Сегодня меня пригласили в штаб дивизии, потребовали объяснить причину отказа уехать в отпуск. Всему виной Клавдия Ивановна. Ее твердая рука всполошила штабных работников. Но не те времена, чтобы нельзя было распорядиться по своему усмотрению своим отпуском, тем более, если от него отказываешься. Было бы наоборот, требуй я его. Приятели смеялись, переиначивая известное изречение: жить в обществе и быть свободным от него нельзя; общество не так совершенно, поэтому пользуйтесь свободой.
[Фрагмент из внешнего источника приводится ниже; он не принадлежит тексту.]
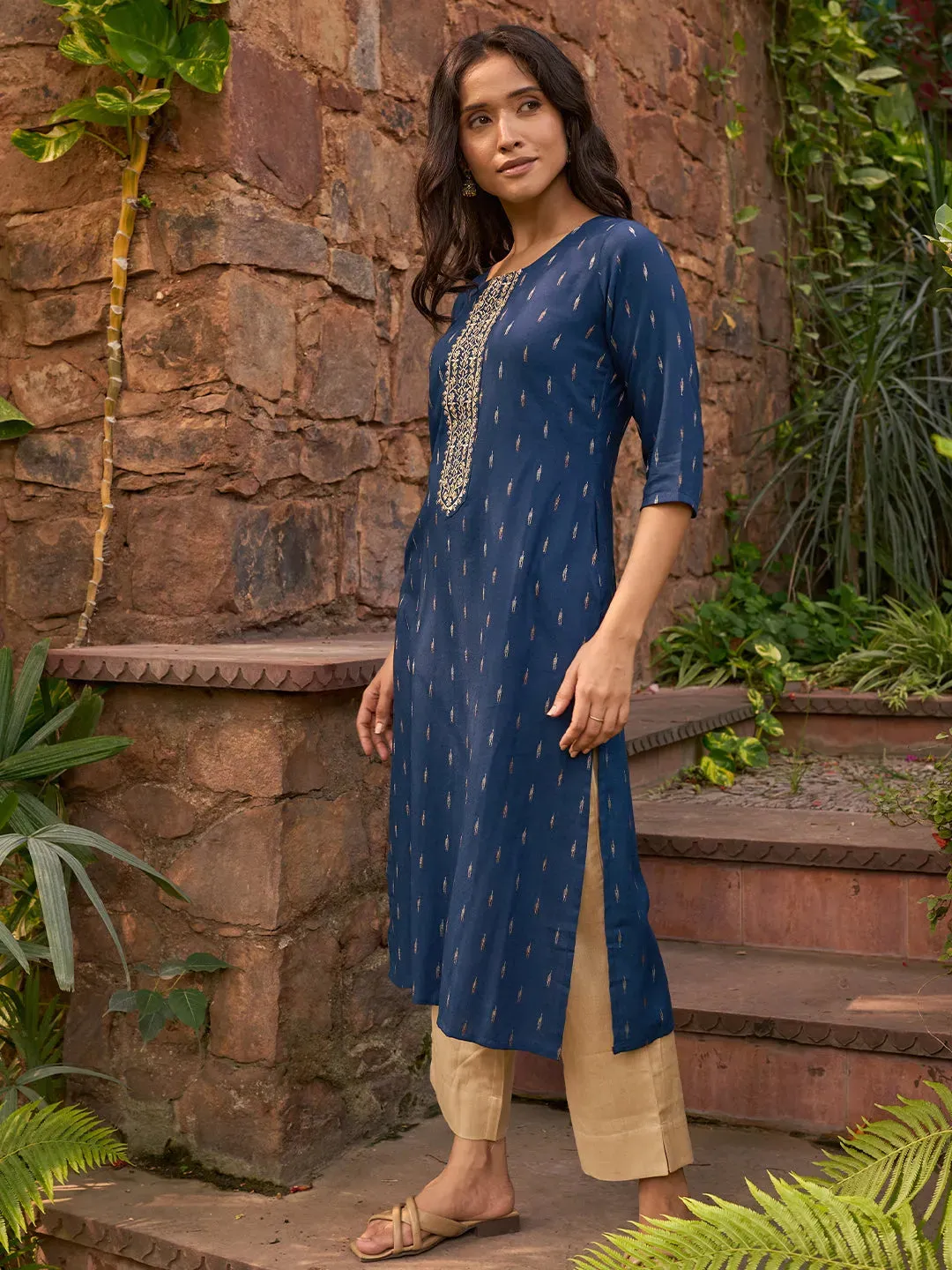 Blue Woven Design Cotton Straight Kurta

— Крамольные ведете речи, — сказал я помначштаба. Он в свою очередь пошутил:
— Вы их зачинщик, Метелин. Вместе пойдем на губу.
С приходом в дивизию Калитина обстановка стала заметно теплее. Но еще облегченнее вздохнули штабные работники, когда ушел Соснов. Громов отправил его на передовую командиром маршевой роты. Некому было больше наушничать и доносить. Но, говорят, он нашел себя: рота его успешно ведет бои.
Был поздний час, когда я возвращался из штаба, поднималась вьюга, замело дороги, и вдруг закрутила такая кутерьма — шага ступить нельзя Я решил заночевать у Варвары Александровны. Встретила она меня теплее, чем родного сына, захлопотала у стола, развела огонь. Все в ее доме было близким и знакомым. Здесь волею обстоятельств впервые встретил я. Арину, воздух, казалось, хранил еще ее дыхание. От Варвары Александровны не ускользнуло мое состояние. Но и глазом не повела, хотя все ей, знаю, известно. У нее чаще стала бывать Арина. Угостив оладьями и напоив чаем, она не донимала надоедливо расспросами, лишь сокрушенно вздохнула:
— Мы такими не были. У нас было все проще. Вы, молодые, мудрее и глубже нас, больше вам ведомо всего. Вот потому столько у вас и бездорожья. Поди, и мой Сережа тоже сейчас на перепутье…
За окном стонала вьюга. Старая женщина прислушалась к завыванию ветра, подбросила в печку поленьев.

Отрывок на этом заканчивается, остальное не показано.